NoSQL databases, on the other hand, are non-relational and can store and manage data in a variety of ways other than the tabular relations used in relational databases. They are schema-less and can handle unstructured data. Examples of NoSQL databases include MongoDB, Cassandra, Redis, and Couchbase.

One of the primary differences is the way data is stored. SQL databases store data in tables with rows and columns, making them ideal for complex queries and transactions. NoSQL databases store data in various formats, such as key-value pairs, documents, graphs, or wide-column stores, allowing for more flexibility in handling different types of data.

SQL databases are vertically scalable, meaning they can be scaled up by increasing the hardware capacity (CPU, RAM, SSD) of a single server. NoSQL databases are horizontally scalable, meaning they can be scaled out by adding more servers to the database cluster.

Transactions in SQL databases are ACID (Atomicity, Consistency, Isolation, Durability) compliant, ensuring reliable transactions and data integrity. NoSQL databases often follow the BASE (Basically Available, Soft state, Eventual consistency) model, providing high availability and scalability at the cost of immediate consistency.

SQL databases are suitable for applications that require complex queries, multi-row transactions, and consistency, such as banking systems, CRM, and ERP systems. NoSQL databases are ideal for applications that handle large volumes of unstructured data, need scalability, and can tolerate eventual consistency, such as social networks, real-time analytics, and IoT applications.

SQL databases use a fixed schema, which means the structure of the data is defined before any data can be inserted. Changes to the schema can be complex and disruptive. NoSQL databases offer a dynamic schema, allowing for easy modifications and accommodating evolving data structures.

The query language is another differentiator. SQL databases use SQL for querying and managing data, which is standardized and widely known. NoSQL databases may use different query languages or APIs specific to the database type, such as MongoDB's query language for document-based queries or Cassandra Query Language (CQL) for wide-column stores.

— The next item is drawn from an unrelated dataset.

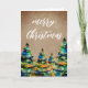 Rustic Watercolor Christmas Tree Snowflakes Holiday Card. Fondo rústico beige y colorido árbol de Navidad. Puede agregar su propio mensaje dentro de la tarjeta o borrarlo.
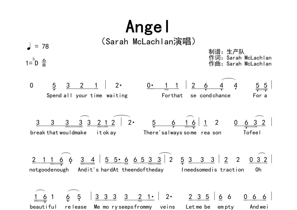 《Angel》是Sarah McLachlan演唱的一首歌曲,拍号为6/8拍,歌曲速度为每分钟78拍,这份简谱共有两张高清图谱,图谱由 @生产队 编配上传。

Data integrity and normalization are central to SQL databases, which emphasize eliminating data redundancy and ensuring data relationships through foreign keys. NoSQL databases often denormalize data to optimize read performance and speed, which can lead to data duplication.

In summary, SQL and NoSQL databases serve different purposes and are chosen based on the specific needs of the application. SQL databases are preferred for structured data and complex queries, while NoSQL databases are favored for their flexibility, scalability, and ability to handle unstructured data.